Прочитайте статьи Сергеева о нации – там нет вообще упоминания о русском духе, о духовной личности, и это понятно – «ученику» модного социолога П.Бурдьё и вульгарнейших (по определению Н.П. Ильина) в своих идеях Валерия и Татьяны Соловьёв («теоретиков» этнического национализма) он за ненадобностью. Русский дух, духовная личность – ну совершенно не функциональные и не операбельные замшелые явления! Возможно, всё-таки чувствуя свою идейную несостоятельность, Сергеев вынужден делать «националиста» из Белинского (не имевшего вообще-то целостного мировоззрения), а первыми русскими националистами объявлять декабристов. Это, увы, тоже очередное передёргивание русской мысли, приписывание маргинальным явлениям достоинств, которыми они не обладали. И зачем? И что это даёт нынешнему русскому человеку, кроме очередной смуты в головах? Сергеев отделяет себя от почвенников-ортодоксов и высокомерно научает тому, что они должны понимать, чтобы не быть «экзотическим кружком».

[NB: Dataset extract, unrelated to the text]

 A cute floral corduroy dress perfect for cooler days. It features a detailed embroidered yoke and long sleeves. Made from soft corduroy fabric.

И тут впору развести руками от сергеевских формулировок марксистского толка, типа «неприязнь к правящему режиму (особенно такому, как режим Николая I)…». При этом «режиме», между прочим, начинали своё поприще все русские писатели, составившие золотой фонд русской классики с её культурной и исторической индивидуальностью! Ну не так вульгарны были отношения власти и культуры в России, как понимает это Сергеев! А что касается национально-мыслящих русских людей – их всегда было мало. Сергеев-то читал, наверное, переписку Страхова с Аксаковым или Толстым – это скорее естественный земной закон для тех, кто не является сыном века сего, но и не отворачивается от его реальных духовных (а не только социальных) проблем.

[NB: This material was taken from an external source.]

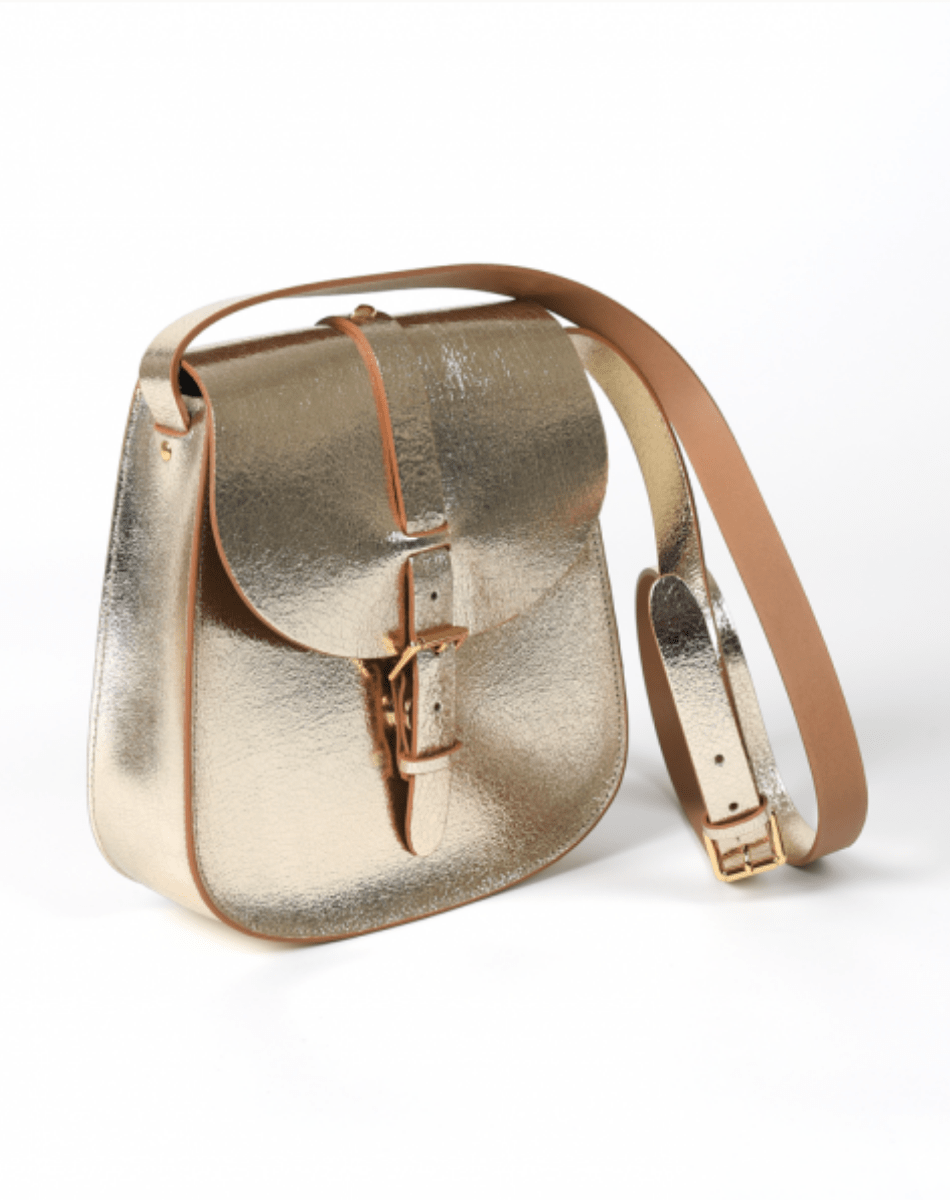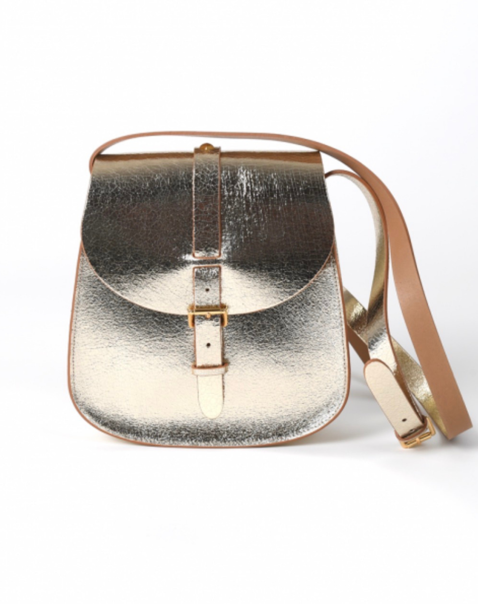 Le Sab, modèle iconique de la marque, s’affranchit du temps et propose, une variété de tailles et d’habillages pour embrasser le quotidien sous toutes ses coutures. Épuré et élégant à l’extérieur, brut à l’intérieur, le voici dans sa taille Medium en cuir craquelé métallisé.

Впрочем, если воспользоваться логикой Сергеева, то он и сам тоже принадлежит к маргинальному кружку националистов-либералов, правда, скажем, далеко не однородному, как не лишённому вполне здравых и симпатичных людей, без занудного сергеевского прагматизма и его обожествления факта…

Критический авитаминоз – это отсутствие многих жизненно-важных компонентов в критике: где «витамин» смелости и независимости? Где небоязнь остаться «без стаи»? Где способность посмотреть на литературу с национальной точки зрения, исключающей как долдонство, так и позитивистское «развенчание авторитетов»?

Да, проблема всё в том же – в личности критика, в личностном самоуглублении, постоянной работе над собой и понимании, что в русской философии уже запечатлён, открыт этот идеал свободно-разумной, духовной личности, который и даёт нам силу для подлинного изучения процессов, происходящих в современной культуре и литературе. Чтобы критика не переродилась окончательно в журналистику, чтобы вообще была возможна русская критика, русская наука, снова нужны огромные созидательные усилия. На нашем сайте ГЛФР мы завели новый раздел «ЛИТПРОЦЕСС», куда готовы размещать статьи критиков, понимающих принципиальную важность национальной культурной идентификации. Увы, но у нас остались без обсуждения такие книги, как «Чтения о русской поэзии» Николая Калягина, «Русский выбор, или Почему все реформы в России заканчиваются одним и тем же» Юрия Галкина, «Дом» Игоря Малышева, свежие романы и повести Петра Краснова, Бориса Агеева, Веры Галактионовой… В общем, русская литература не бедна, бедна часто мысль критиков о ней.